To test whether preservation of time_MAP_Avg_below_76 would improve final parsimonious model performance with BPXGB, we allowed users to preselect features that the process would never eliminate (equivalent to augmenting feature reduction with expert guidance). If the preselected features landed in the elimination range of the pFI ranking, the process selected the next lowest-importance feature instead. We accordingly selected time_MAP_Avg_below_76 to be preserved.
Feature interpretation
The AutoML platform implements partial dependence plots (PDPs) for feature interpretation [40]. In brief, the platform averaged the outcome predictions for the training dataset while converting the values of a single feature to a single value. The set value for the feature of interest was then changed, scanning either across the continuous range or all possible categorical values depending on the feature’s data type. Plotting the average outcome prediction by the possible feature values produced the feature’s PDP for the model. We additionally pooled the partial dependence values across the 25 projects, calculated the mean and 95% confidence intervals, and created an aggregated PDP for each feature in the parsimonious BPlog and BPXGB models.
MAP threshold validation
To investigate the MAP thresholds that would be most predictive of patient outcome, we first removed the MAP threshold features from the final parsimonious feature lists of BPlog and BPXGB. We then created new lists by including a single MAP threshold feature using a different lower (in range of 70–85 mmHg) or upper (in range of 95–115 mmHg) threshold. Sweeping through each possible threshold value, this produced 16 feature lists with a lower MAP threshold feature and 21 feature lists with an upper MAP threshold feature. We additionally included a feature list with no MAP threshold feature. Across the 25 projects, we optimized models for each feature list, aggregated the model performance values, and summarized and plotted the results as mean and 95% confidence intervals. The model performance for the feature lists including both a lower and upper MAP threshold feature was the resulting parsimonious model from the feature reduction process prior.
Model validation
To validate the parsimonious BPlog and BPXGB models, we uploaded the validation dataset to the AutoML platform and predicted the probability of AIS improvement for each patient. The AutoML platform also calculated the best F1 threshold—the value that maximizes the F1 score—for each model in each project. We aggregated the predictions for each patient across the 25 projects to calculate mean and 95% confidence intervals. We similarly summarized the best F1 threshold values. To produce the confusion matrices, we compared the mean prediction value for each patient against the mean best F1 threshold value. Mean prediction values above the mean F1 threshold were considered positive predictions (i.e. patient improved) and conversely for negative predictions (i.e. no improvement).
To determine whether there is data drift between the training and validation dataset, we deployed the parsimonious models on the DataRobot servers to access the data drift feature. In brief, the platform determines data drift between training and validation datasets by calculating the population stability index (PSI) for each of the features [42].
Combining both the training and validation datasets, we additionally performed dimensionality reduction via UMAP (umap R package [65]) for the 15 features preserved in the parsimonious BPlog and BPXGB models.

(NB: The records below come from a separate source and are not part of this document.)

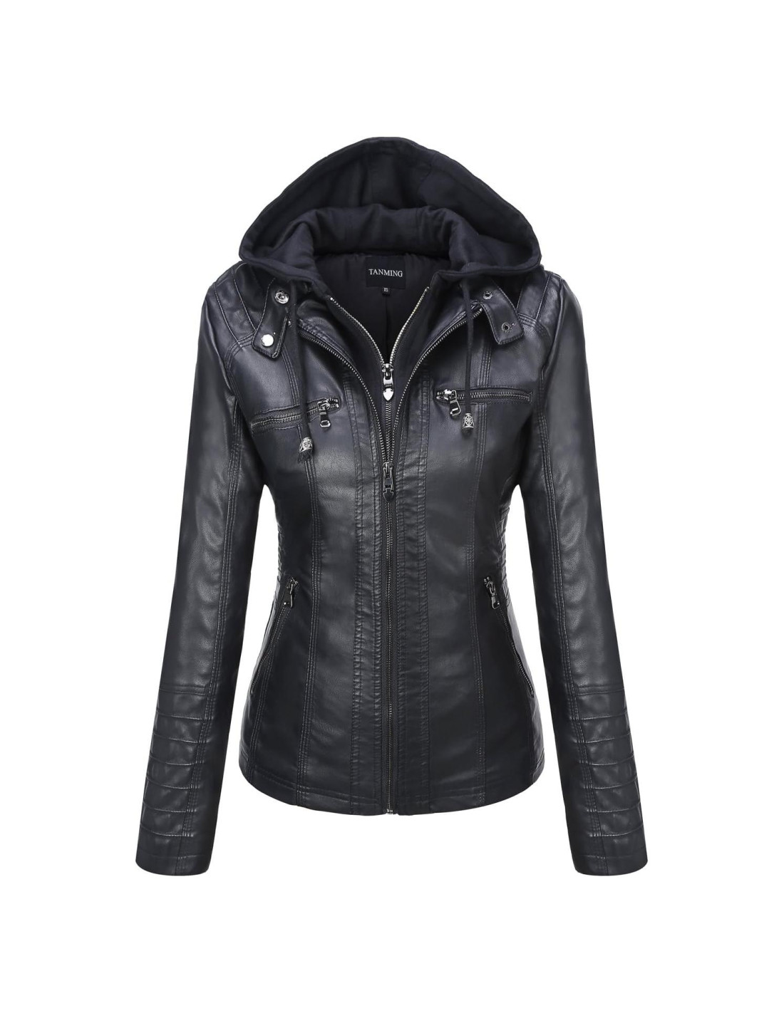 - Diseño: patrón ajustado con elementos de remaches de moda y cremalleras, capucha desmontable conveniente y dos bolsillos inclinados, manga larga, hermosos pliegues en los puños de las mangas y la cintura, diseño de costura perfecto con buena confección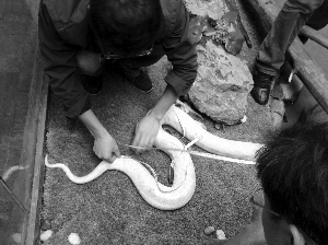 5月22日,快报曾报道“遛蛇哥”想打官司要回“小乖乖”。昨日,围绕黄金蟒“小乖乖”再起风波,先是约定好上午举行的专家鉴定因故终止。之后,又有传言称“小乖乖”已死掉,现在动物园内的那只黄金蟒是替代品。对此,动物园方面明确否认,并现场对黄金蟒进行了测量,确实比以前的身体短了12厘米。而媒体记者测量的结果更是短了82厘米。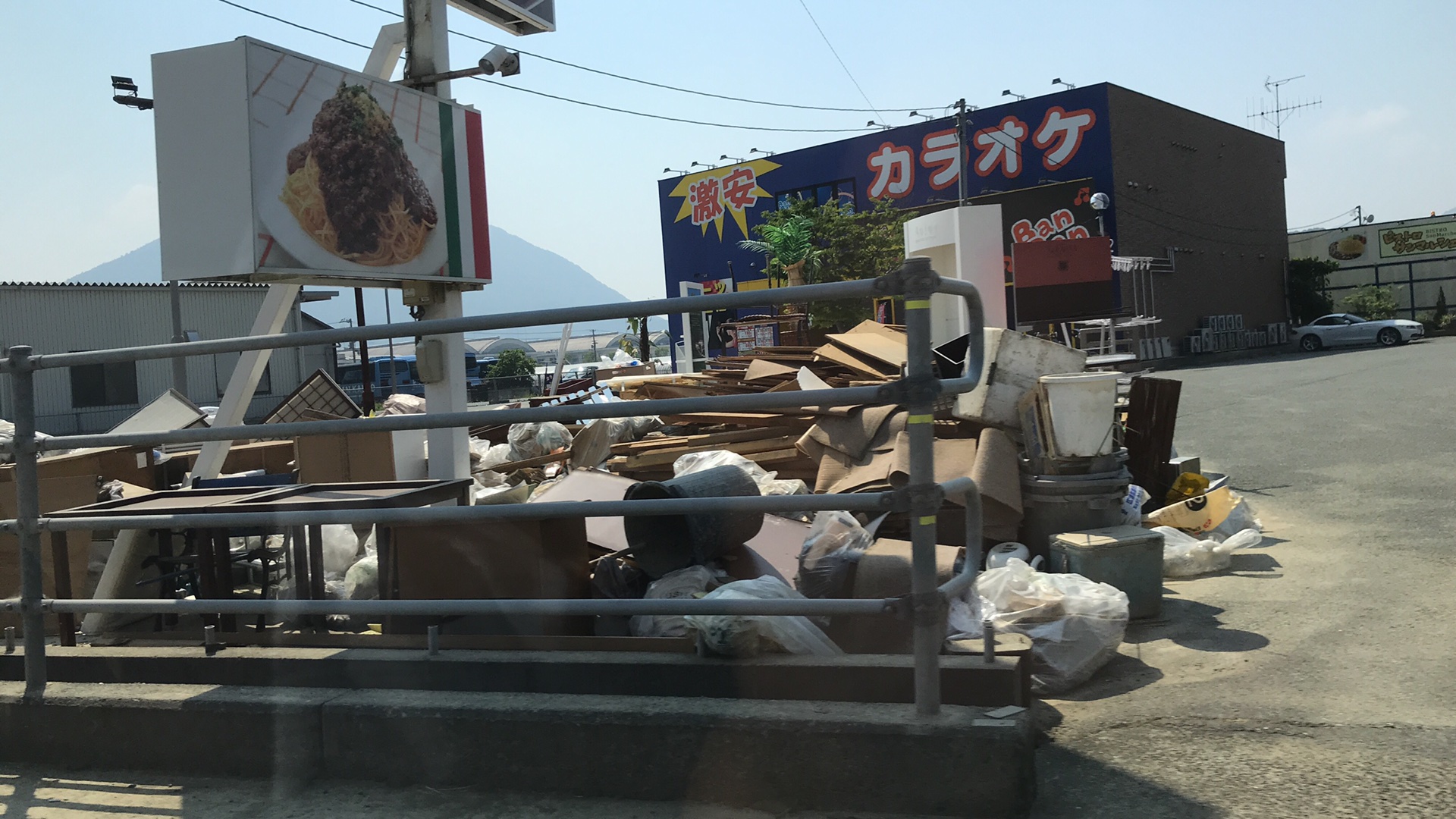 街のところどころに、大型のゴミが集積されている様子を確認できます。既に復興が始まっていました。

Importantly, 9 of the 133 samples were missing values and were thus removed via listwise deletion for clustering analysis prior to UMAP. The resulting UMAP scores were used to cluster the patients via HDB Clustering (dbscan R package [66]) with a minimum cluster size of 8. The datapoints were then grouped according to training vs validation dataset and plotted. The circular borders containing the clusters were drawn manually for visual clarity. For the numeric features, we calculated the mean and 95% confidence interval of the distribution within each cluster.
Supporting information
S1 Fig. Normalized permutation feature importance (pFI) of each feature, aggregated from the 25 projects.
(A) Of note, BPlog ranked the time_MAP_Avg_below_76 and time_MAP_Avg_above_104 highest. (B) Conversely, the two MAP threshold-related features were ranked 11th and 18th in pFI by BPXGB. The majority of high pFI features across both models were features derived from the intraoperative timeseries data for heart rate, diastolic blood pressure, systolic blood pressure, and mean arterial pressure (MAP). Both models also highly ranked a feature encoding initial injury severity: MRI_1_BASIC_Score for BPlog and AIS_ad for BPXGB.
https://doi.org/10.1371/journal.pone.0265254.s001
(TIF)
S2 Fig. Standardized performance precision analysis as a function of number of projects aggregated.
As the number of projects increased, the performance precision improved (i.e. standardized performance CI width decreased). (A, B) By LogLoss, BPlog started with a standardized performance precision of 5.22 ± 0.24% with 2-project aggregation and decreased to an average of 1.85 ± 0.01% with 25-project aggregation (A). By AUC, BPlog started with a performance precision of 8.03 ± 0.38% and decreased to an average of 2.79 ± 0.02% when aggregating 25 projects. (C, D) Similarly by LogLoss, BPXGB started with a standardized performance precision of 5.42 ± 0.32% and decreased to an average of 2.06 ± 0.04% at 25 projects (C). By AUC, BPXGB started with a performance precision of 8.36 ± 0.38% and decreased to an average of 2.84 ± 0.02% when aggregating 25 projects.
https://doi.org/10.1371/journal.pone.0265254.s002
(TIF)
S3 Fig. AUC performances for the feature reduction process.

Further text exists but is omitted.